The eye has often been thought of as the window into the human soul, and the iris—the ring of colored fibrous tissue controlling the aperture (pupil) at the front of the eye—seen as an external indicator of one’s hidden depths.
Since ancient Egyptian times, observation of human iris patterns has been used to divine all kinds of things, persisting today in the “new age” practice of iridology. However, the path that led to today’s biometric iris recognition started with Frenchman Alphonse Bertillon, often dubbed the father of forensic science. Dissatisfied with ad hoc methods then used to identify criminals, he set about researching a whole system of anthropometric measurements. Amongst other things, in 1893 he reported on nuances he found in the human iris. Much of his other work also bears on present human biometric identification techniques.
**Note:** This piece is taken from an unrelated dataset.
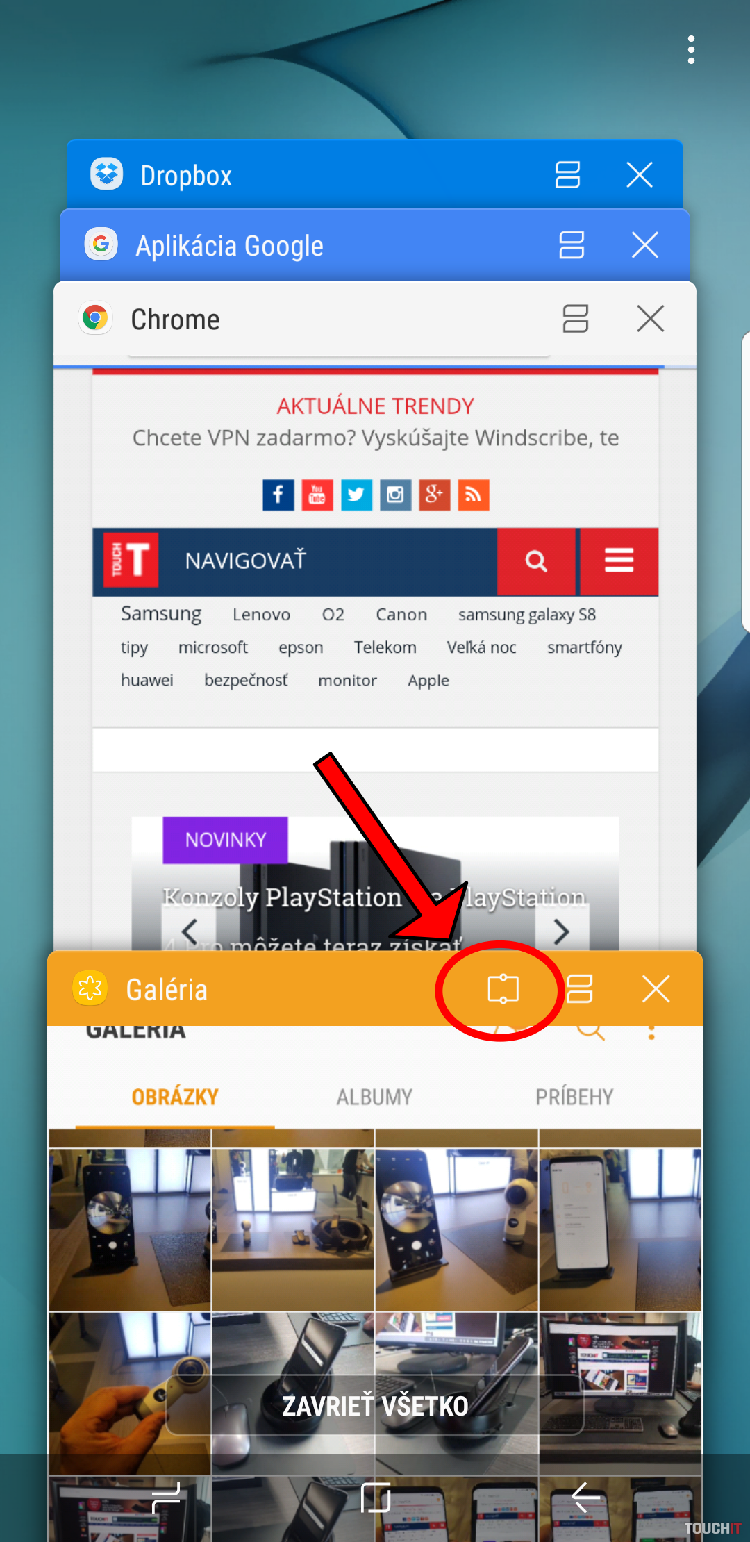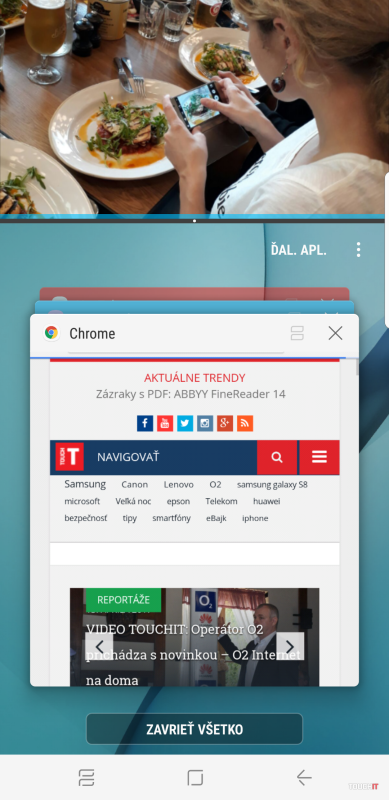 Pomocou neho si nastavíte presnú polohu tejto aplikácie, v našom prípade Galérie, napr. do hornej časti obrazovky. V ostávajúcej ploche môžete ďalej pracovať s ostatnými aplikáciami. Je to spôsob, ako napr. sledovať video a popritom ďalej robiť to, čo potrebujete so smartfónom. Je to pekné, ale len za toto si asi Galaxy S8 kupovať nebudete. 1. strana: Galaxy S8 vs. Galaxy S8+ 2. strana: Galaxy S8 všeobecne 3. strana: Čo nájdete v krabici? 4. strana: Nekonečný displej a dizajn 5. strana: Vylepšený multitasking 6. strana: Kamery a ovládací softvér 7. strana: Prihlásenie do telefónu 8. strana: Výdrž na batériu 9. strana: Samsung Connect 10. strana: Bixby 11. strana: VyhodnoteniePodobné články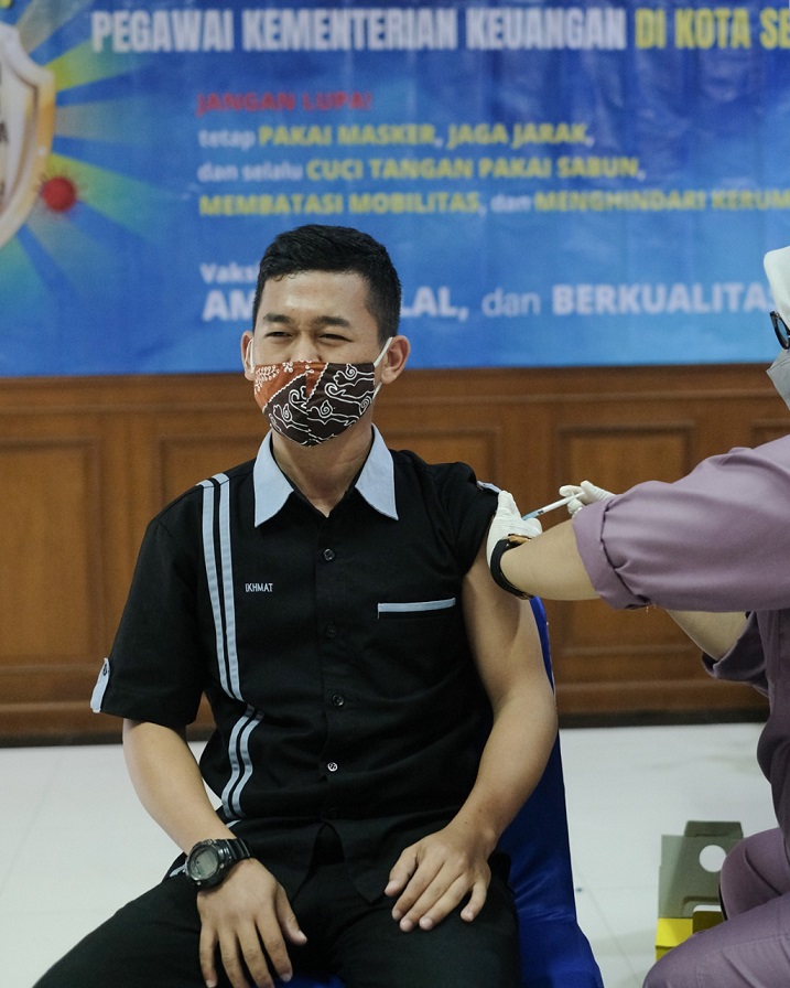 Seluruh pegawai Kanwil DJP Banten mengikuti kegiatan vaksinasi Covid-19 tahap kedua yang diadakan di ruang Aula Kantor Wilayah Direktorat Jendera Perbendaharaan Banten, Kota Serang (Kamis, 1/4).

Later in 1949, observations about human iris variation were published by British ophthalmologist J.H. Doggart, and referred to in a 1953 textbook Physiology of the Human Eye (still the basis of current ophthalmic study). In the text, F.H. Adler, a German scientist, wrote: "In fact, the markings of the iris are so distinctive that it has been proposed to use photographs as a means of identification, instead of fingerprints."
In fact, the fibrous texture of the human iris develops randomly in the womb, and is stable within a few months after birth. It’s this high degree of randomness that gives iris recognition its potential discrimination power. While its color is genetically determined, its structure is not.
This was picked up by two American ophthalmologists, Leonard Flom and Arun Safir, who in 1986 managed to patent the concept of using a digital image of the eye as a human identifier. The first algorithms were developed in the early 1990s by John Daugman, a computer scientist at the University of Cambridge.
Today’s Iris Biometric Technology
Fast forward to the current decade, and many companies now offer iris biometric products. FotoNation owns and offers MIRLIN technology, based on algorithms originally developed by Smart Sensors Limited. It’s used on products like Northrop Grumman’s BioSled multimodal, biometric capture device (see figure).